Больше года простояла та немецкая часть в деревне. И все время раз в неделю офицер оставлял спички и соль под крышей бани. А дед забирал.

Потом на больших фронтах начались бои, немцы засуетились, засобирались. Бабка все хотела сказать офицеру спасибо, но вокруг бегали солдаты, офицер прикрикнул на нее, погрозил пистолетом. Бабка испугалась. Когда немцы ушли, она сама себе не верила – думала, может, приснилось все.

«А вот не приснилось! – закончил свой рассказ дед, – спички-то и соль я же брал!»

Наговорившись, дед спохватывался: «Сидим! А без добычи-то нам домой нельзя!»

Ох, не знаю, что тогда было важнее – поговорить или побродить по лесу.
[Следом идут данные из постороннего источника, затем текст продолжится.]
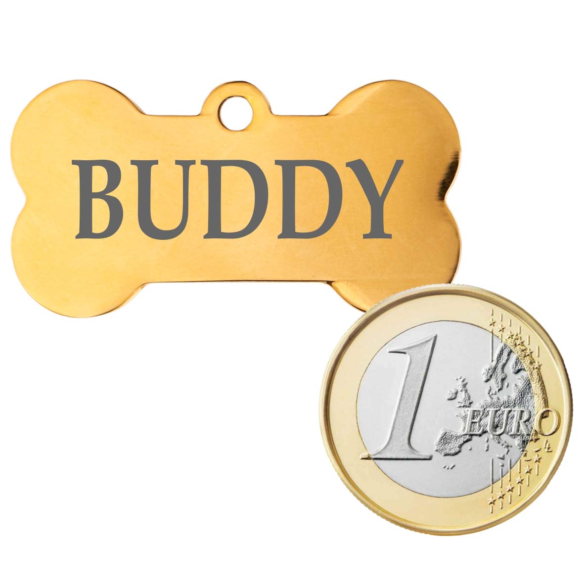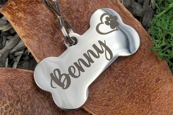 Hey, diese personalisierte Hundemarke ist einfach perfekt für deinen Vierbeiner! In praktischer Knochenform - 50x30mm groß und nur 20g leicht. Aus hochwertigem Edelstahl - rostet nicht und hält ewig! Du kannst Vorder- und Rückseite mit Namen, Telefonnummer und Adresse gravieren lassen. Wähle eins von vier süßen Motiven: Pfote, Herzen, Stern oder Blume. Die Lasergravur ist gestochen scharf und verblasst nicht - bleibt auch nach Regen und Toben lesbar! Leise und leicht - stört deinen Hund nicht beim Laufen. Mit Edelstahlring für einfache Befestigung am Halsband. Erhältlich in Silber, mattschwarz oder gold - für jeden Hundetyp den passenden Look! Hergestellt in Italien - Qualität die überzeugt! Perfektes Geschenk für Hundebesitzer - praktisch und stylisch zugleich!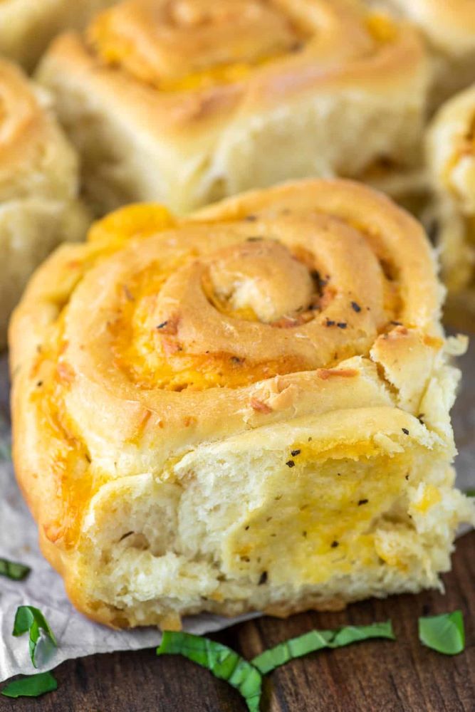 Je kunt het deeg na het oprollen ook in kleine rolletjes snijden en in een ronde of vierkante ovenschaal tegen elkaar leggen.

Дед знал здесь каждую тропинку, каждый овражек, каждую полянку и каждого жителя леса.

Теперь понимаю – ну, кому еще, кроме меня, мог он рассказывать про всякое зверье, про растения? Деревенские лес понимали, в основном, как огород. Мне же дед не просто рассказывал – отыскивал в густой зелени птиц, зайцев, однажды показал лисицу, мышковавшую на недавно скошенном поле… Рассказы его начали всплывать в памяти много лет спустя, и я путаюсь теперь – сама ли видела, дед Иван ли рассказал, а может, это байка кого-то из знакомых егерей… Потом перестала допытываться – раз живет во мне история, стало быть моя!

«По что идем сегодня? – спрашивал дед.– По белые или по осиновики (эти грибы так называл дед), а хошь, по лисички…» И приводил на поляну с лисичками, где ногу некуда поставить… У белых и подосиновиков брали только шляпки. А уж если ходили по ягоды, то приносили ведрами – дед сам смастерил специальные складные ведра – из брезента.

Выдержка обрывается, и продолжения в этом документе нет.